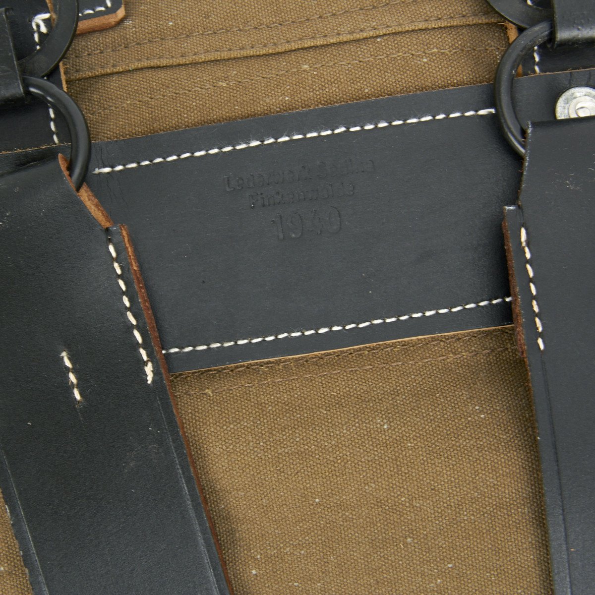 The construction this reproduction is second to none. Correct cotton canvas with genuine leather tabs, steel fittings and correct full size, just like they were made in WW2!
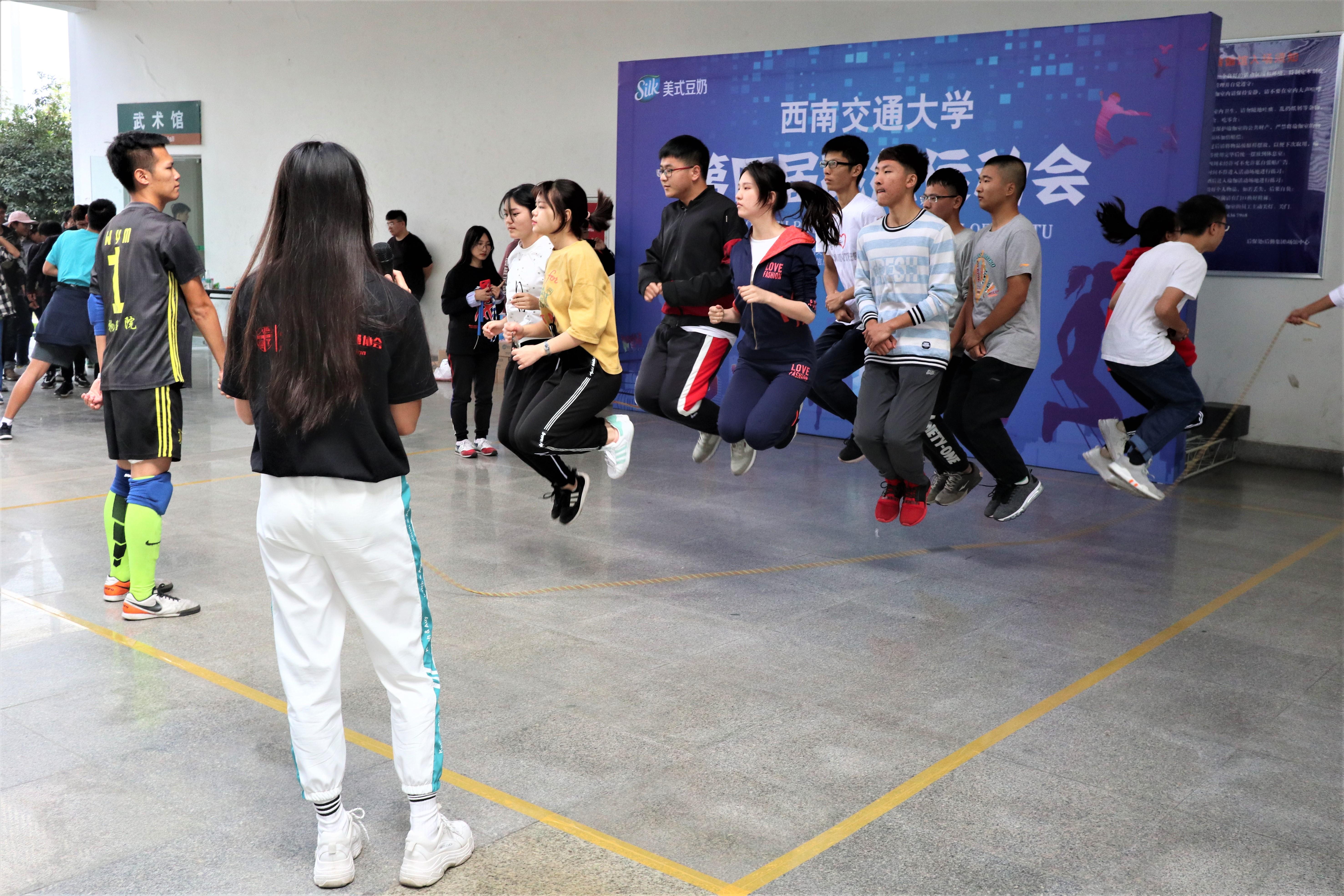 本次运动会以西南交大体育部为主办单位,西南交大花式跳绳协会为承办单位,众多本科生和研究生在飞碟体育馆展开了对冠军的激烈较量。上午9点,随着太阳拨开云雾,开幕式正式开始。首先主办方介绍活动基本信息、到场嘉宾、各学院代表队。接下来分别是奏国歌、花式跳绳表演、领导致词以及运动员代表宣誓和裁判员代表宣誓。随后,主持人宣布比赛正式开始。
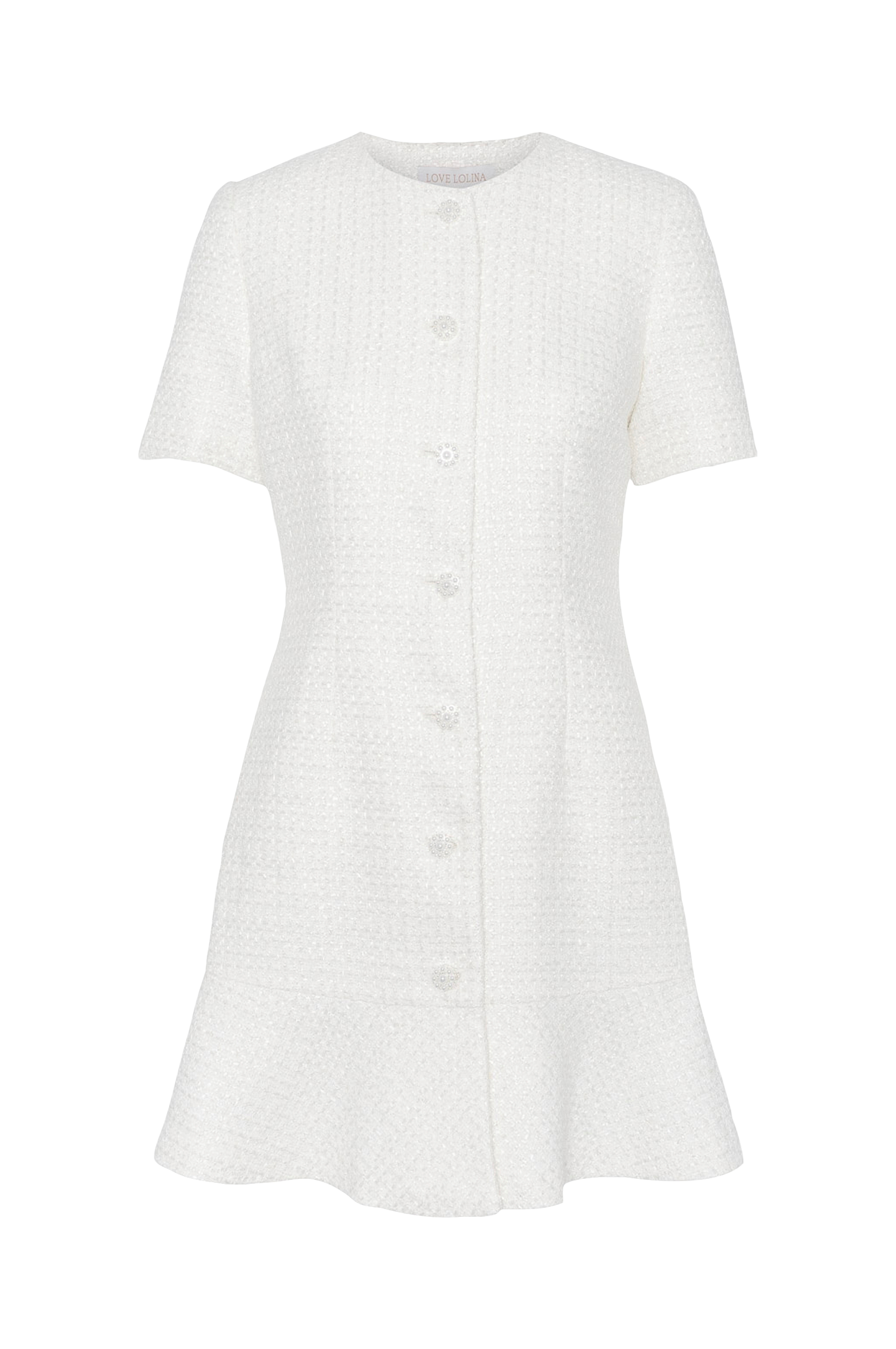 • Lyhyt, vuorattu mekko tweedistä• Olkatoppaukset• Veneen muotoinen kaula-aukko• Lyhyet hihat• Helminapit edessä• Laskos edessä ja takaosa• Röyhelö alahelmassa• Pituus: 85 cm koossa S

------------------------

EXERCISE REQUIREMENTS
Return only the lines running from the top of the data to the line that holds "本次运动会以西南交大体育部为". Include both of those lines, but skip the pictures.

TASK ANSWER
 The construction this reproduction is second to none. Correct cotton canvas with genuine leather tabs, steel fittings and correct full size, just like they were made in WW2!
 本次运动会以西南交大体育部为主办单位,西南交大花式跳绳协会为承办单位,众多本科生和研究生在飞碟体育馆展开了对冠军的激烈较量。上午9点,随着太阳拨开云雾,开幕式正式开始。首先主办方介绍活动基本信息、到场嘉宾、各学院代表队。接下来分别是奏国歌、花式跳绳表演、领导致词以及运动员代表宣誓和裁判员代表宣誓。随后,主持人宣布比赛正式开始。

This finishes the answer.